ColQwen2 > ColPali by +0.7% NDCG@10 on this dataset, with a larger gap (~6%) on the full ViDoRe average. ColQwen2 is Apache 2.0 licensed and 2B parameters—smaller than ColPali's 3B.

The Two-Tier Architecture

The production pattern that falls out of this:

Offline: Embed documents with ColQwen2 → ~620 patch vectors per page (128-dim each). Generate MUVERA FDE (10,240-dim single vector). Index FDEs in any standard ANN engine.
Tier 1—candidate generation: Query → ColQwen2 query embedding → MUVERA query FDE → ANN search → top-K candidates. Cost: O(log n). Latency: <1ms.
Tier 2—precision re-ranking: Load candidate multi-vectors from storage → true Chamfer/MaxSim scoring → final ranked list. Cost: O(K × |patches|). Latency: ~30ms for K=50.
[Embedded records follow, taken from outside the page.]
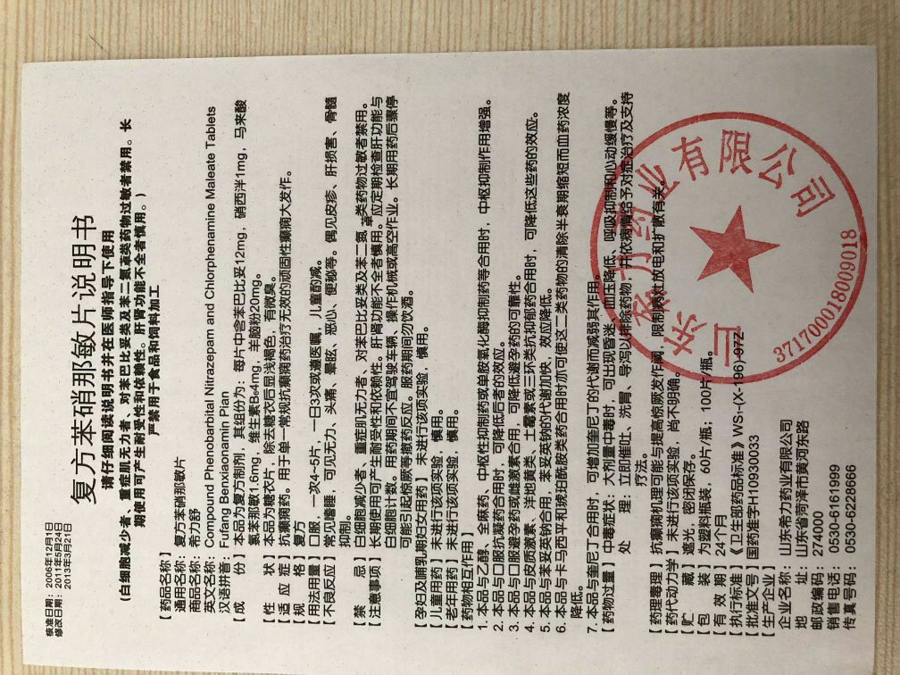 復(fù)方苯硝那敏片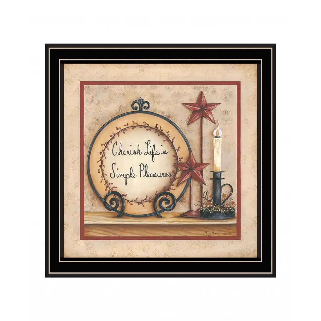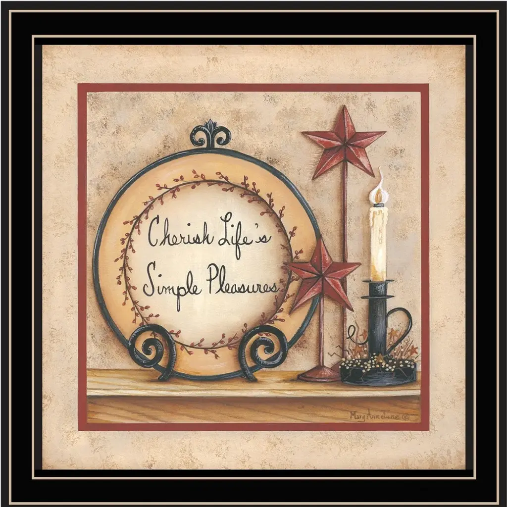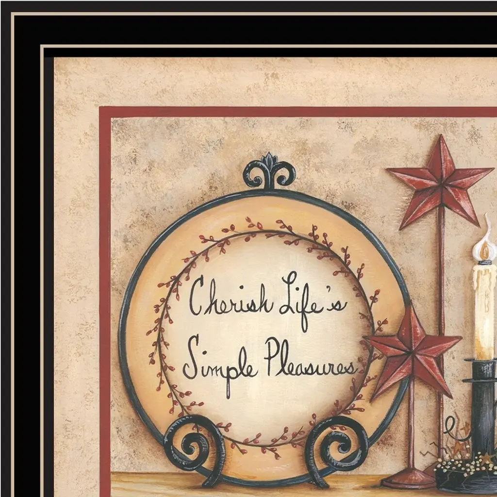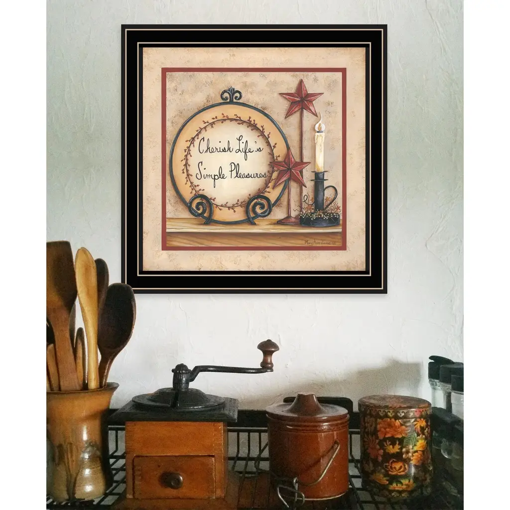 Bring some sizzle to your space with this eye-catching simple pleasures 3 black framed print wall art. This print is a visual artistic expression that allows you to decorate your space in style. Reproduced for you on wood, this hanging decorative accent will be a trendy and fashionable way to dress your walls in a rustic and modern farmhouse vibe. Adding this hanging wall art to your space to make your room feel more finished and attractive. Utilize this opportunity to create a focal point in the room with this fabulous wall decor option. 14" H x 14" W x 1" D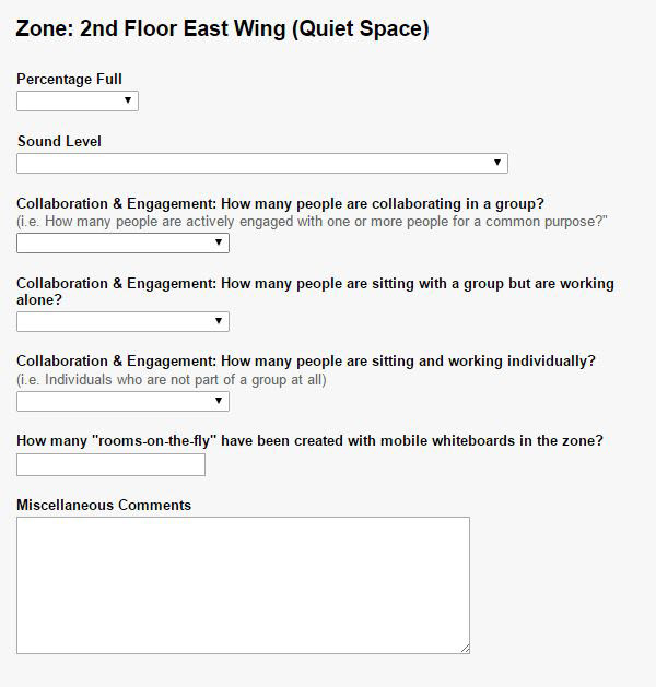 The Google form worked well for our original purposes—it was easy to create and modify, and because we were not collecting private or individual information, data security was not a priority. The form divided the library into zones and asked questions aimed at discovering what we wanted to know about how the building was being used. The first question asked students to indicate how full each zone was. While we initially designed the form to use exact numbers or headcounts here, after testing the instrument, we decided to instead include the following options: totally full, mostly full, half full, a few students, and empty. Because the library often has six hundred to nine hundred students at once in the building, this decision significantly reduced the time it took our student employees to complete the form and, in turn, minimized disruption to student patrons. Additional fields included the following:

FDEs go into your vector index as ordinary single vectors. Multi-vectors stay in object storage (S3/parquet) and only get loaded for the re-rank stage. No new infrastructure—just a smarter encoding layer.
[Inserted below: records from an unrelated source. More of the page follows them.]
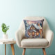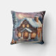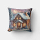 Merry Christmas Gingerbread House Throw Pillow. A cute gingerbread house in the snow. It is like a sweet winter dream! The house has icing designs and is surrounded by candy canes. Little lights twinkle, making it all cozy. It is like a magical holiday picture.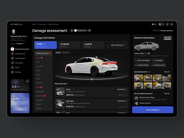 汽車定損專業(yè)性強,UI 既要體現(xiàn)嚴謹,又要降低用戶理解門檻。設計中,汽車 3D 模型可交互查看,受損部位色彩標注清晰,定損金額、維修時長等信息一目了然。深色界面搭配藍色操作按鈕,既符合專業(yè)場景調性,又通過色彩引導操作流程。這給我們的啟發(fā)是:專業(yè)場景的 UI,不是要 “拒人千里”,而是要通過設計,把專業(yè)內容 “友好地” 呈現(xiàn)給用戶,蘭亭妙微在這類項目中,也會深入調研業(yè)務流程,讓設計為 “專業(yè)” 賦能,而非添堵。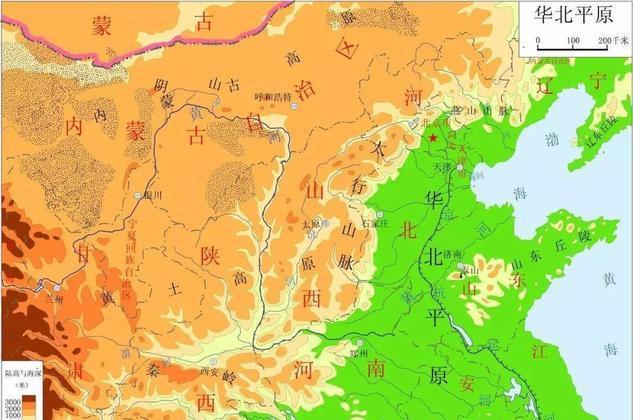 图三 华北平原地形图,非常的平坦且广袤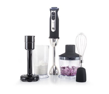 tyčový mixér • motor s výkonem 1000 W • rychlost až 15 tisíc otáček za minutu • nerezová mixovací tyč • 0,6ml plastová nádoba • 13 úrovní otáček • vhodný pro mixování, šlehání, sekání • tlačítko TURBO • unikátní technologie 3D Quattro Blade pro důkladné mixování • 1,4m přívodní kabel • příslušenství – nerezový tyčový nástavec, 0,6l nádoba na mixování a šlehání, nerezová šlehací metla, nástavec na výrobu pyré, nádoba na sekání s kapacitou 0,5 l, stojan na příslušenství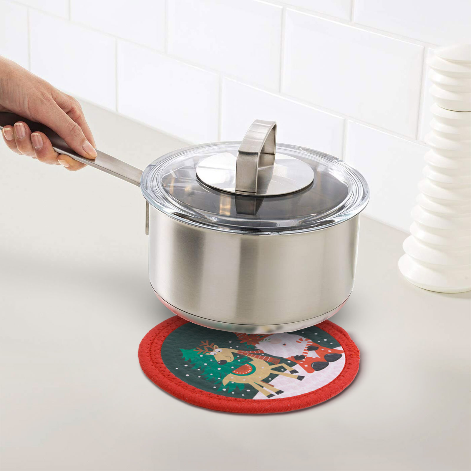 Vánoční podložka na stůl vyrobená z textilu, která zabrání poškození vašeho stolu a pultu horkým nádobím. Podložka se hodí do výzdoby slavnostního stolu, takže harmonie může být úplná.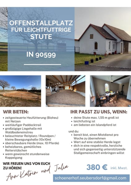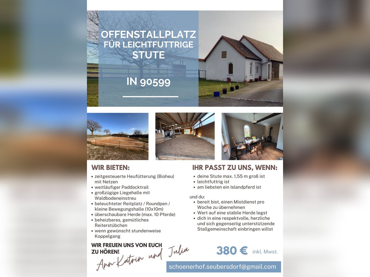 Wir bieten: -zeitgesteuerte Heufütterung (Bioheu) mit Netzen -rehegeeignet -weitläufiger Paddocktrail -großzügige Liegehalle mit Waldbodeneinstreu -beleuchteter Reitplatz / Roundpen / kleine Bewegungshalle (10x10m) -überschaubare Herde (max. 10 Pferde) -beheizbares, gemütliches Reiterstübchen -wenn gewünscht stundenweise Koppelgang Ihr passt zu uns, wenn: -deine Stute max. 1,55 groß ist -leichtfuttrig ist -am liebsten ein Islandpferd ist und du: -bereit bist einen Mistdienst pro Woche zu übernehmen -Wert auf eine stabile Herde legst -dich in eine respektvolle, herzliche und sich gegenseitig unterstützende Stallgemeinschaft einbringen willst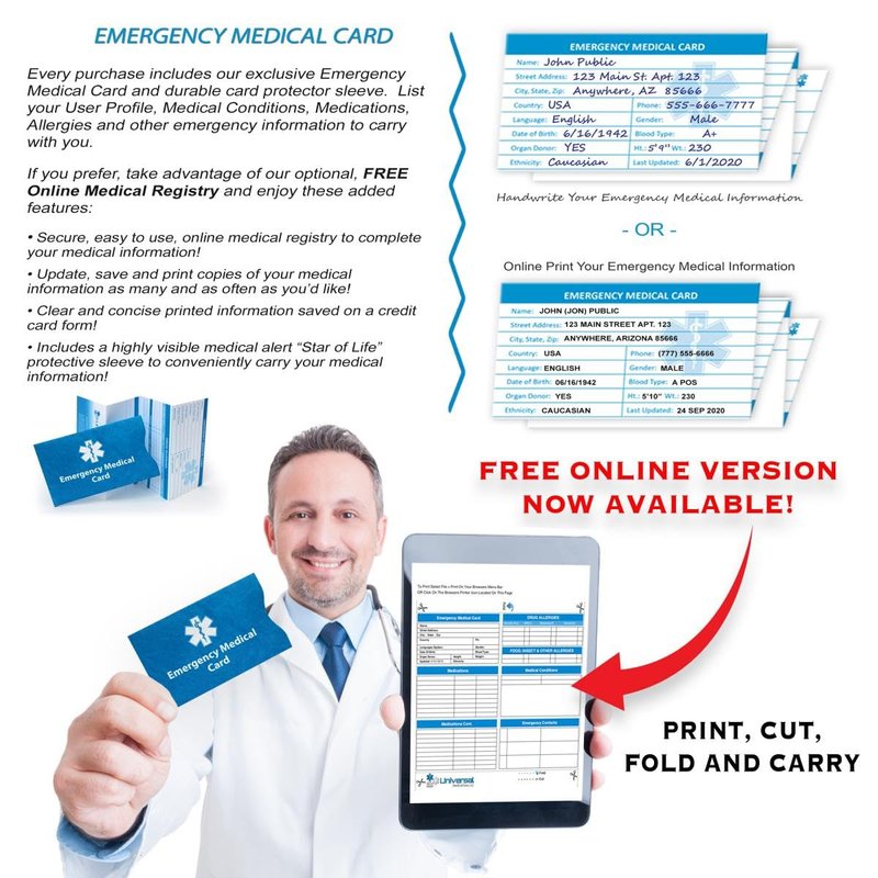 - MEDICAL CARD: Included with your purchase, is our exclusive Emergency Medical Card with a protective sleeve. Carrying a medical ID wallet card provides critical and actionable information for emergency responders.

What This Means for Multimodal Search

The combination of a strong vision-language model (ColQwen2) with a theoretically-grounded retrieval engine (MUVERA) makes multi-vector search practical at scale for the first time. Prior approaches either sacrificed quality (single-vector), sacrificed speed (brute-force), or sacrificed guarantees (PLAID).

The verticals where this matters most: financial document search (tables, charts, filings), medical imaging (radiology reports with embedded scans), legal discovery (scanned contracts with annotations), and any domain where OCR is the current bottleneck.